Finally, to enhance safety and efficiency of training for adolescents, our extensive review of the literature yielded a program that would safely and effectively train adolescent athletes in power and plyometric training including the concepts of periodization, introduced by Russian Scientist Leonid Mateyeev in 1972.26 Rhea and Alderman, in their December 2004 article, a meta-analysis of periodized vs. non periodized strength and power training programs, found in their statistical review of the literature that periodized training is more effective than non periodized training for men and women, all ages, and all training levels.32 Studies have shown plyometric training to be effective in young athletes.12 In addition to the plyometrics, we utilized sprint training, as studies have shown that sprints can have a similar effect on jump height and power as plyometric training. A Croatian study showed similar increases in both the sprint group and the plyometric group in drop jump and isometric strength changes as compared to the control group.25 Furthermore, there appears to be a strong correlation among maximum squat strength, sprint performance, and vertical jump height. A study was performed on elite soccer players in 2004 which showed maximum strength in half squats determines sprint performance and jumping height in high level soccer players. This study showed a significant relationship between One Repetition Maximum (1RM) in ½ squats and both sprinting and jumping.38

In summary, the purpose of our training program was to develop a safe and effective training protocol to enhance type IIa and type IIx muscle fibers in adolescent athletes. Our training program was scientifically based on the periodization concept (see Methods for details) utilizing a six week mesocycle with variation of the weekly microcycle. We utilized plyometrics, sprints, and limited ½ squat training to increase power and thus increase type IIa and type IIx muscle fiber. We will discuss specifics of the workouts which also included pre and post warm up drills, including Nordic lowers which have been shown to reduce hamstring injuries.1 Furthermore, we developed a new model of functional screening in our PPFSS along with Long Term Athletic Development

(LTAD) to allow adolescents to be properly placed in a plyometric and power training program to reduce injury and increase efficiency.

METHODS

Experimental Approach to the Problem

Our study design was developed to test our hypothesis that adolescent athletes age 12-18 can be placed in a safe, appropriate and effective training program to increase fast twitch muscle fiber growth (type IIa and IIx) through plyometric and power training.

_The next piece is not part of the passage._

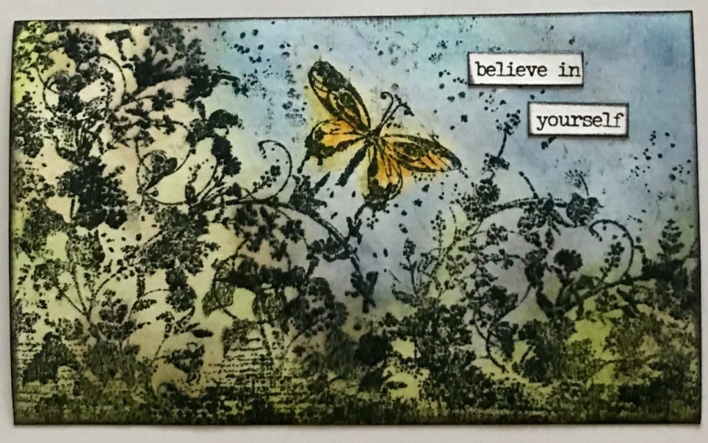 Today is the final day of my ICAD Challenge week, and once again I’m revisiting the flower-and-butterfly theme.

First, the subjects or prospective adolescent athletes developmental age and peak height velocity (PHV) are ascertained by questionnaires and growth charts. Based on Bayli and Way’s Long Term Athletic Development (LTAD) research, the young athletes’ optimum training sensitivity can be determined which allows accelerated adaptation and specific training.3,4 Although developmental age is crucial, it does not ensure a young athlete will have adequate flexibility, strength and fundamental movements to perform plyometric/power training at the highest level. Consequently, we developed a Pre-Participation Functional and Strength Screening (PPFSS) specifically designed to place our young athletes at an appropriate functional “developmental age level” to enhance fast twitch muscle fiber growth safely and effectively. The new model of our PPFSS was based on a synthesis of several sources including Gray Cooks Functional Movement Screen (FMS), Dr. Craig Liebenson’s Magnificent 7, and tests in the plyometric literature.8,9,22,29,39 After the PPFSS tests are performed, the subjects are put in categories of physical training consistent with their functional developmental age level. (Please see Procedures.) To test the effectiveness of the training program for increased fast twitch fiber growth, baseline testing was performed prior to commencement of the training, which included the vertical jump test, 2 step, 1 leg vertical jump, 2 step, 2 leg vertical jump, and 30 yard sprint. A 6 week training program at 3 days per week was utilized based on literature review. Shortly after the training, testing was performed to determine the results of the baseline tests. Furthermore, safety was evaluated by the ability of the subject to successfully complete the training with no injuries or effects of overtraining.

Subjects

The Institutional Review Board (IRB) guidelines regarding experimental procedures were adopted from the Editorial Board of Medicine and Science in Sports and Exercise. The subject and one of the authors of the paper, Matthew Muldavin (M.M.) who was 14 years,7 ½ months at the commencement of the training, gave his informed consent and willingly performed all procedures and protocols listed in the case study.

Procedures

A.) Determination of Peak Height Velocity/Based on Long-term Athletic development

Based on the concepts of Long Term Athletic Development ( LTAD ) by Bayli and Way we calculated Peak Height Velocity ( PHV ) to have occurred at approximately 13 years, 6 months for Matthew Muldavin ( M.M ). At the time of the PPFSS and training, M.M. was age 14 years, 7 ½ months. Based on the concepts of LTAD, strength training sensitivity occurs 12-18 months after PHV and the literature indicates this should be a priority3,4 Consequently, M.M. was in the proper training sensitivity for plyometric/power training and thus was ready for the PPFSS to determine which category he should be placed in.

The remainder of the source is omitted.